The fact that, as the majority says, the occupant of the apartment might have been moving to get his robe or slippers before coming to the door does not make Robinson’s contrary fear unreasonable. “It must be rare indeed that an officer [hears] behavior consistent only with [suspicion of] guilt and incapable of innocent interpretation.” United States v. Price, 599 F.2d 494, 502 (2d Cir.1979) (emphasis in original). By its nature the reasonable suspicion standard leaves open possible innocent explanations for ambiguous behavior. The police here were not bound to assume a benign explanation for the footsteps. Nor were they obliged to consider, with the majority, the possibility that while the steps were not coming toward the door they might be moving “in some neutral direction.” Ante at 870 n. 7. Compliance with the Fourth Amendment, and the statute, does not turn on such subtle calculations.

The police here had obtained a search warrant,5 and they knocked and announced their identity. At most my colleagues can say Robinson should have waited some additional few seconds to let the ambiguous evidence of his senses clarify itself. Like the trial judge, I do not think his judgment on the spot was unreasonable. Forcing entry into a home is serious business, but the Supreme Court has taken that concern into account in yet setting the standard that applies here at reasonable suspicion. Applying *874that test, I would sustain the validity of the entry.

. I note at the outset how surprised the trial judge likely will be to find himself reversed oh a ground never argued to him at the hearing on the motion to suppress. This case does not require me to join issue with the majority on its over-broad reading, ante at 868 n. 3, of Yee v. Escondido, 503 U.S. 519, 534, 112 S.Ct. 1522, 1532, 118 L.Ed.2d 153 (1992).

. The government has not made the arguments of remedy for a knock-and-announce violation that it made as amicus in Wilson v. Arkansas, 514 U.S. 927, 937 n.4, 115 S.Ct. 1914, 1919 n. 4, 131 L.Ed.2d 976 (1995), and which the Supreme Court did not reach there.

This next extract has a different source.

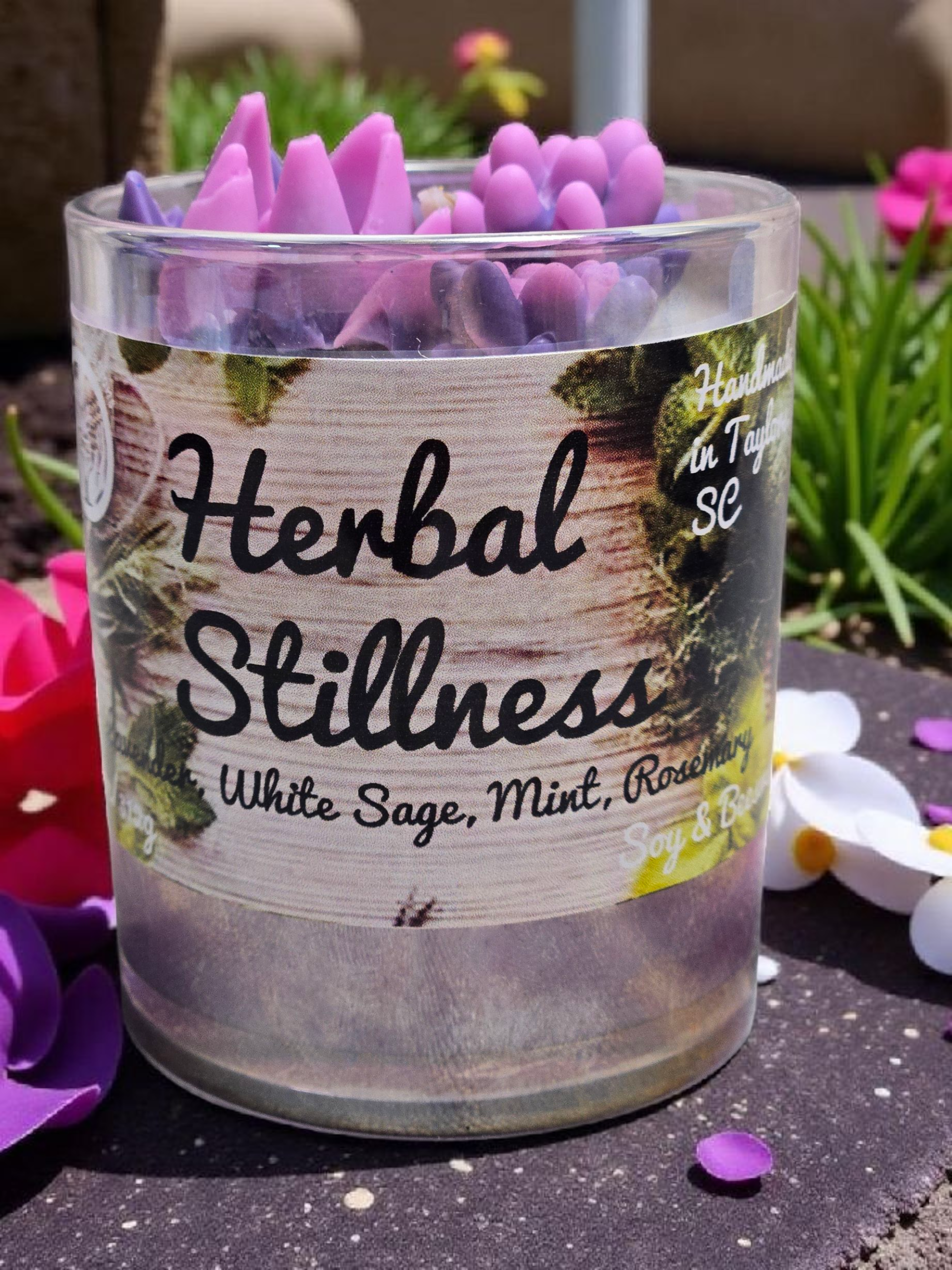 Experience tranquility with the Herbal Stillness 7oz candle, crafted from white sage, mint, and rosemary. Its soothing aroma promotes calm and relaxation, making it an ideal addition to spa environments or serene spaces at home. Topped with delicate purple and pink succulents, this candle combines natural beauty with expert-crafted fragrance to elevate your ambiance effortlessly.

. In United States v. Ramirez, - U.S. -, 118 S.Ct. 992, 140 L.Ed.2d 191 (1998), the Court later decided the unrelated issue of whether the Fourth Amendment holds officers to a higher standard when a no-knock entry results in the destruction of property. Along the way, however, the Court pointed out that its "decisions in Wilson [v. Arkansas, 514 U.S. 927, 115 S.Ct. 1914, 131 L.Ed.2d 976 (1995)] and Richards l supra ] serve as guideposts in construing the [federal knock and announce] statute,” 18 U.S.C. § 3109. Ramirez, — U.S. at -, 118 S.Ct. at 997. The Court also held that " § 3109 codifies the exceptions to the common-law announcement requirement.” Id.

Richards, as well as Wilson and Ramirez, were decided after all of the decisions of this court on which the majority relies.

. Appellant testified that it was he who had been playing the video game and had put it on pause. While the trial judge at one point speculated that Robinson might have heard the footsteps of "children running,” he did not imply that hearing a video game played—an activity often engaged in by children—diminished Robinson’s reason to suspect from the footsteps and silence that entry was being deliberately delayed.

. "[T]he officers had secured a warrant, eliminating that element of the exigency requirement designed to ensure that the Fourth Amendment's Warrant Clause is not eroded by an exigency too quickly perceived by those called upon to serve on the firing line.” Bonner, 277 U.S.App.D.C. at 276, 874 F.2d at 827.